# There's a new GPS unit for covert monitoring



## MattMatt (May 19, 2012)

My General Blog: Record GPS Tracking Sales As Parents Monitor Recently Qualified New Drivers

Even the Managing Director of the firm admits the various uses it can be put to use to!


----------



## Janky (Nov 26, 2013)

Nice, i wondering if it has a web interface versus SMS updates


----------



## Thorburn (Nov 23, 2011)

215 British Pound Sterling is the cost in England Vs. 351. dollars in the U.S. Hey, that is not fair, it is cheaper in England.


----------



## Runs like Dog (Feb 25, 2011)

I can track all the phones on my account with Android Device Manager to as little as 11 meters. Has to be an Android and it has to be enrolled in Google ADM and it's free. Some phones can't report back correctly if they're actively using their own WiFi at the time.

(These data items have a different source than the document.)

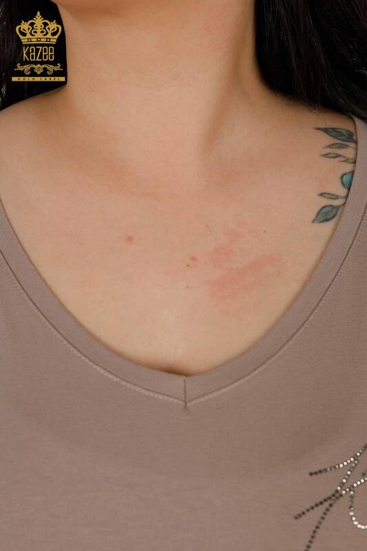 Commercio all'ingrosso Camicetta da donna Bottone Dettagliato Pietra ricamata Manica corta Visone - 79297 | KAZEE
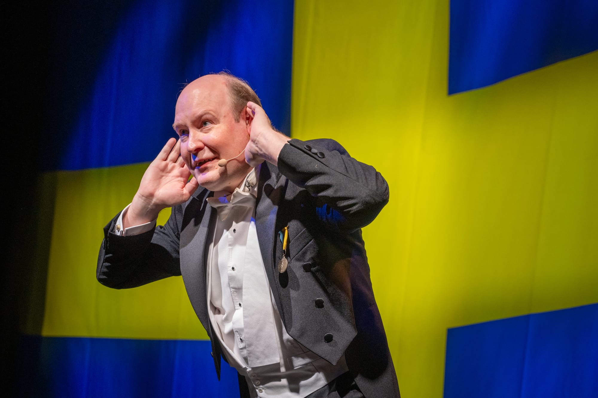 Högt blandas med lågt. Fniss, småskratt, flabb och flabb med applåd. Svenska värderingar, traditioner, historia och kultur omfamnas, nagelfars och förlöjligas. Regentlängder, dalahästar, furu, byråkrati, vikingar och frejdade stammar. Lustiga kostymer, löjliga dialekter och egendomliga namn som Jante Johansson, Birgitta Limhamn-Dragør och Gull-Fia Folkdräktsson. Finurliga ordvändningar, skarpsynta samhällskommentarer och nästan porträttlika karikatyrer av First Aid Kit, Jimmie Åkesson, Ulf Kristersson och Gunnar Strömmer. Henrik rusar runt på scen i permobil, Johan dränks i bajs och Vanna arrangerar litterära soaréer för barn mellan tre och nio år. Bland otaliga referenser når det högkulturella sin spets i en grundlig genomgång av svensk konstkanon: August Malmströms Grindslanten, Gustaf Cederströms Karl XII:s likfärd, Richard Berghs Nordisk sommarkväll, John Bauers Bland tomtar och troll och inte minst Carl Larssons Midvinterblot med Henrik Dorsin som konungaoffer i adamskostym.
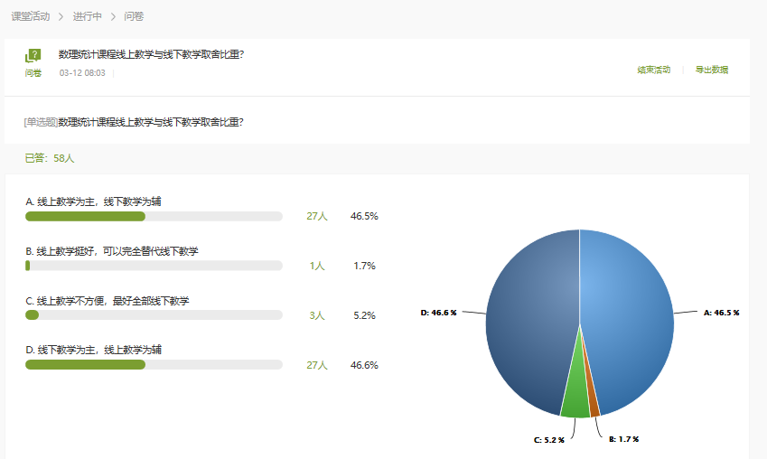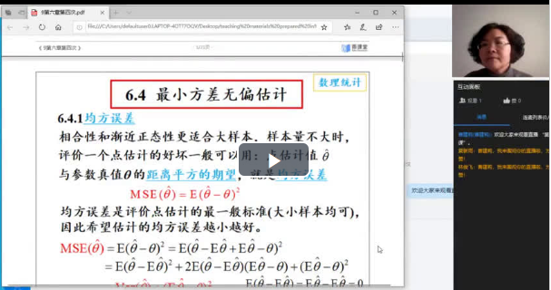 数理统计课程原采用线上线下混合式教学,本学期因疫情原因,学生居家时采用线上教学,学生返校后如果条件允许,采用线上线下混合式教学。
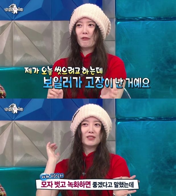구혜선은 "오늘 씻으려고 하는데 보일러가 고장이 났다. 머리를 못 감아서 모자를 썼다"고 털어놨다. 그러면서 "PD님이 모자를 벗고 녹화하면 좋다고 말했는데, 지금 모자를 못 벗는 상황"이라고 덧붙였다.
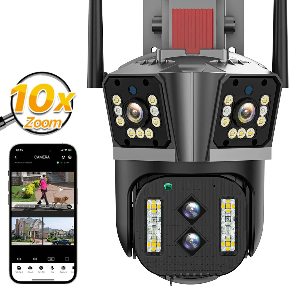 Specifications Lenses Four lensesSensors Four sensorsCamera Resolution 8K 4MP per lens four lenses Zoom Ultra wide angle 10x hybrrid zoomAntenna High gain enhanced 5dBi antennaImage Modes Smart mode infrared mode color modeWiFi Compatibility Supports 2 4GHz WiFi does not support 5G WiFi Network Connection RJ 45 network cable connectionMotion Detection 24 7 motion detection with real time push notificationsAudio Built in high quality speakers and microphones for two way conversationsVoice Enhancement Echo suppression cancellation and noise suppression technologyImage Transmission Real time image transmission with adaptive networkFeatures 1 Four LensesFour SensorsThree Screens The camera s innovative design features four lenses four sensors and three screens allowing you to capture and monitor more details providing enhanced visual clarity 2 8K Resolution The 8K camera achieves clear monitoring of both far and near distances with its ultra wide angle and 10x hybrrid zoom capability 3 Infrared and Color Modes The camera offers three image modes smart mode infrared mode and color mode Infrared mode provides black and white images with the infrared LEDs activated while color mode displays vibrant and colorful day night vision with the white LED 4 Human Motion Detection and Real time Push Notifications The camera features 24 7 motion detection ensuring constant surveillance and immediate real time push notifications to protect your family

The phone-user doesn't have to grant any permissions or say yes or no or even know it's happening.


----------



## MattMatt (May 19, 2012)

Thorburn said:


> 215 British Pound Sterling is the cost in England Vs. 351. dollars in the U.S. Hey, that is not fair, it is cheaper in England.


Cheaper in Britain?  
_Posted via Mobile Device_


----------